Once (a) identified as having, or as being at risk of developing, a viral infection (e.g., a coronavirus infection) (and/or a bacterial infection), a mammal (e.g., a human) can be administered, or instructed to self-administer, one or more inhibitors of a CRM1 polypeptide and one or more salicylates.
In some cases, administering one or more inhibitors of a CRM1 polypeptide in combination with one or more salicylates can be effective to arrest the cell cycle of a cell (e.g., a cell in a mammal such as a human). For example, administering one or more inhibitors of a CRM1 polypeptide in combination with one or more salicylates can be effective to arrest the cell cycle of a cell at the G0-G1 phase. For example, administering one or more inhibitors of a CRM1 polypeptide in combination with one or more salicylates can be effective to arrest the cell cycle of a cell at the S phase. For example, one or more inhibitors of a CRM1 polypeptide in combination with one or more salicylates can be used to reduce proliferation of a cell (e.g., a cell in a mammal such as a human) by, for example, 10, 20, 30, 40, 50, 60, 70, 80, 90, 95, or more percent.
In some cases, administering one or more inhibitors of a CRM1 polypeptide in combination with one or more salicylates can be effective to reduce a level of one or more polypeptides associated with a DNA damage repair pathway within a cell (e.g., a cell in a mammal such as a human).

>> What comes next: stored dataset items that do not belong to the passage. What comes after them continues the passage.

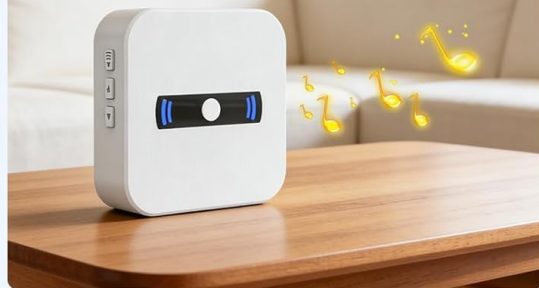
Image: The portable receiver displaying its compact design, showing the 5-level volume adjustment from 0dB to 120dB, and the option to select from 20 types of chime sounds.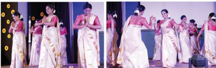
Performance of 'Kaikotti kali' by the parents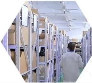
Warehouse spare parts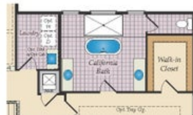
OPT. CALIFORNIA BATH

For example, one or more inhibitors of a CRM1 polypeptide in combination with one or more salicylates can be administered to a mammal in need thereof (e.g., a mammal having cancer) to reduce a level of one or more polypeptides associated with a DNA damage repair pathway within a cell (e.g., a cell in a mammal such as a human) by, for example, 10, 20, 30, 40, 50, 60, 70, 80, 90, 95, or more percent. A DNA damage repair pathway can be any appropriate DNA damage repair pathway (e.g., DNA homologous recombination (HR)). Examples of polypeptides associated with a DNA damage repair pathway whose level can be reduced by administering one or more inhibitors of a CRM1 polypeptide in combination with one or more salicylates include, without limitation, Rad51 polypeptides, BRCA1 polypeptides, BRCA2 polypeptides, CDK12 polypeptides, CHEK1 polypeptides, PALB2 polypeptides, TP53 polypeptides, ATM polypeptides, ATR polypeptides, RAD51AP1, BLM, and RAD9A.

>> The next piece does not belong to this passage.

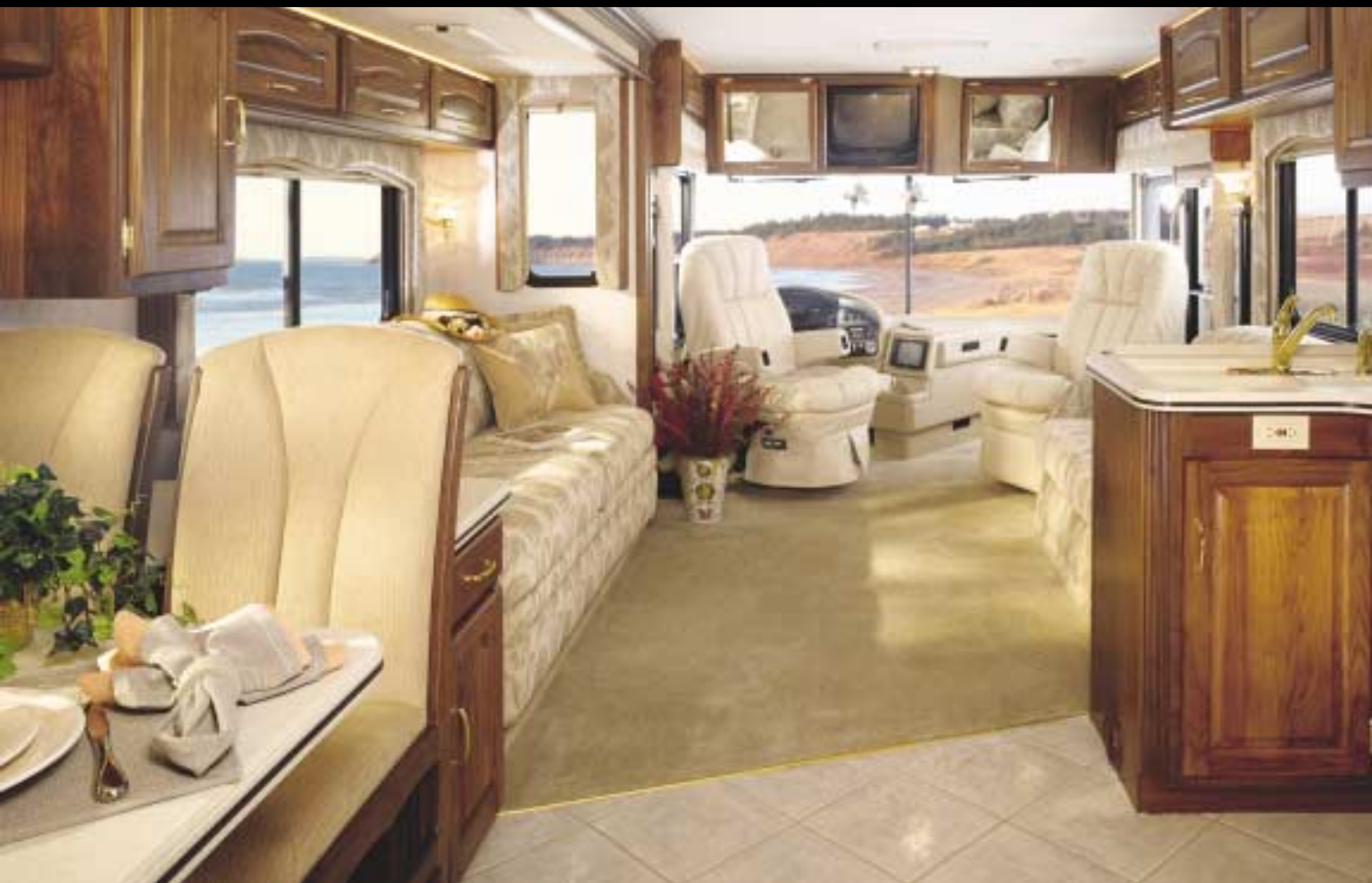
▲ 9400 IN HYDRANGEAS DECOR

In some cases, administering one or more inhibitors of a CRM1 polypeptide in combination with one or more salicylates can be effective to reduce a level of one or more cytokines within a cell (e.g., a cell in a mammal such as a human). For example, one or more inhibitors of a CRM1 polypeptide in combination with one or more salicylates can be administered to a mammal in need thereof (e.g., a mammal having cancer) to reduce a level of one or more cytokines within a cell (e.g., a cell in a mammal such as a human) by, for example, 10, 20, 30, 40, 50, 60, 70, 80, 90, 95, or more percent. A cytokine can be any appropriate cytokine (e.g., chemokine, interferon, interleukin, lymphokine, or tumour necrosis factor). In some cases, a cytokine can be an inflammatory cytokine. Examples of cytokines whose level can be reduced by administering one or more inhibitors of a CRM1 polypeptide in combination with one or more salicylates include, without limitation, interleukin 1 beta (IL-1beta), interleukin 10 (IL-10), granulocyte macrophage colony-stimulating factor (GM-CSF), interleukin 8 (IL-8), interleukin 5 (IL-5), interferon gamma (IFN-gamma), tumor necrosis factor alpha (TNF-alpha), interleukin 2 (IL-2), interleukin 4 (IL-4), and interleukin 6 (IL-6).
An inhibitor of a CRM1 polypeptide can be any appropriate inhibitor of a CRM1 polypeptide. An inhibitor of a CRM1 polypeptide can be an inhibitor of CRM1 polypeptide expression or an inhibitor of CRM1 polypeptide activity. Examples of compounds that can reduce polypeptide activity include, without limitation, antibodies (e.g., neutralizing antibodies) and small molecules. Examples of compounds that can reduce polypeptide expression include, without limitation, nucleic acid molecules designed to induce RNA interference (e.g., a siRNA molecule or a shRNA molecule), antisense molecules, and miRNAs. In some cases, an inhibitor of a CRM1 polypeptide can inhibit nuclear export (e.g., leucine-rich nuclear export signal (NES)-dependent nuclear export) of one or more biological molecules (e.g., proteins, rRNAs, snRNAs, and mRNAs) from a cell. In some cases, an inhibitor of a CRM1 polypeptide can be a selective inhibitor of nuclear exports (SINE). In some cases, an inhibitor of a CRM1 polypeptide can bind (e.g., covalently bind) to a CRM1 polypeptide. Examples of inhibitors of a CRM1 polypeptide that can be used in combination with one or more salicylates as described herein include, without limitation, selinexor (KPT-330), leptomycin B, KPT-185, KPT-276, eltanexor (KPT-8602), piperlongumine, verdinexor (KPT-335), valtrate, and ratjadone C. In some cases, an inhibitor of a CRM1 polypeptide can be as described in Table 1.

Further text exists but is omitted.